Rheumatology was consulted, and they stated that the overall clinical picture could be a lupus flare. Rheumatology recommended 1.0 g solumedrol for three days followed by prednisone 60 mg daily as well as a lupus flare work-up. ANA was positive. Sjogren’s antibody, DNA DS antibody, and atypical p-ANCA antibody were elevated. SS-A was 3.7 U (<0.2 is normal), SS-B < 0.2, Sm Ab IgG < 0.2 U, RNP Ab IgG < 0.2 U, Scl 70 Ab IgG S < 0.2 U, Jo 1 Ab IgG S < 0.2 U, C3 was 110.30, and C4 was 26.80 compared to 82.70 and 19.90, respectively, two months earlier. The patients’ complement levels were taken after the start of her intensive immunosuppression therapy and thus could cause her results to be falsely normal. DS-DNA Ab was above upper limit of test, >1000, without a previous value for comparison. Patients’ lupus anticoagulant was unremarkable. Cardiolipin antibody IgA < 10 APL (normal: 0 to 11), cardiolipin antibody IgG was 13 GPL (normal: 0 to 14), and cardiolipin antibody IgM was 12 MPL (normal: 0 to 12). Protein electrophoresis showed a normal electrophoretic pattern. The patient was continued on mycophenolate with a new regimen of 500 mg BID, hydroxychloroquine 200 mg BID and prednisone 60 mg QD for two weeks followed by a steroid taper of 40 mg for two weeks followed by 20 mg for two weeks and remain on 10 mg daily until her follow-up visit with her rheumatologist.

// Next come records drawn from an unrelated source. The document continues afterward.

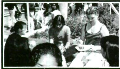
El trabajo en equipo ayudó para tener una mejor organización
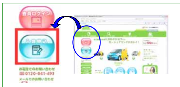
トップページから WEB 入会申込ページへ
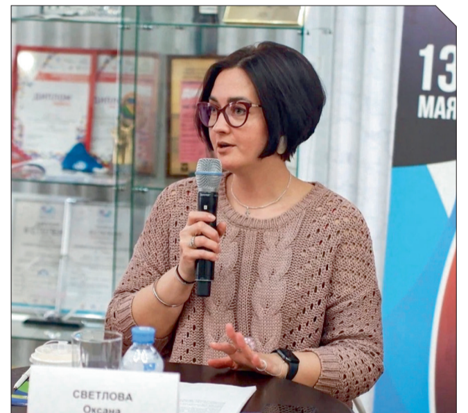
ОКСАНА СВЕТЛОВА, МИНИСТР КУЛЬТУРЫ АРХАНГЕЛЬСКОЙ ОБЛАСТИ

– Символично, что международный фестиваль «Ломоносов Фест. Искусство. Наука. Технологии» проходит на площадке Архангельского театра драмы и в партнерстве с Северным (Арктическим) федеральным университетом, которые названы в честь нашего знаменитого земляка М.В. Ломоносова, внесшего неоценимый вклад в науку и культуру нашей страны.
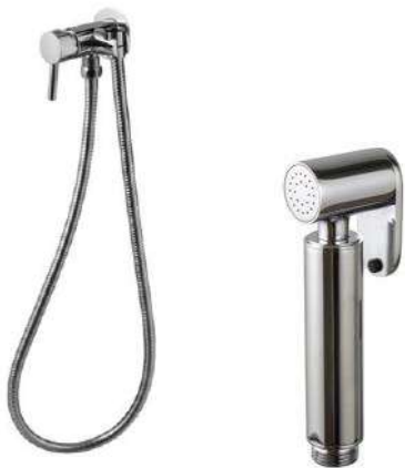
Round stainless steel single tap shower set

Monomando set ducheta sanitaria Round inox

After reconvening with neurology, they stated that a cause of the stroke-like symptoms was neuropsychiatric systemic lupus erythematosus (NPSLE), a diagnosis of exclusion. After discussion with cardiology and rheumatology, it was thought that the patient’s elevated high-sensitive troponin levels were SLE-induced too, most likely being a presentation of lupus myocarditis. The patient showed significant improvement in her signs and symptoms after the steroids were introduced. The strength in both her legs and left arm was 4/5 and then right arm was 3/5.

3. Discussion

In this case report, we describe a patient who presented with focal neurologic deficits and myocarditis who demonstrated improvement with the 1.0 g solumedrol for three days. This diagnosis was difficult as her symptoms mimicked a primary cerebrovascular event. We expanded our differentials and considered a rheumatological cause after ruling out a primary cardiac and neurological cause. An increase in the serum titer of anti-dsDNA antibodies and a fall in complement levels such as C3 and C4 are helpful in determining the presence of active lupus [10]. Ribosomal P antibodies in the serum or CSF are highly specific biomarkers for NPSLE, which unfortunately we did not test for [11]. Normal CSF cell counts consist of <5 cells/mm³. CSF pleocytosis can be indicative of neuroinflammation from systemic lupus erythematous or also from blood contamination during the procedure. When pleocytosis is reactive, it usually presents with an increase in mononuclear cells. With this information, it is possible that the elevation in the presented patient’s monocytes arose from the central nervous system involvement of her disease. We attributed her neurological symptoms to NPSLE after correlating her symptoms with her elevation in anti-dsDNA antibody levels and CSF findings, as well as by observing her response to steroids [12].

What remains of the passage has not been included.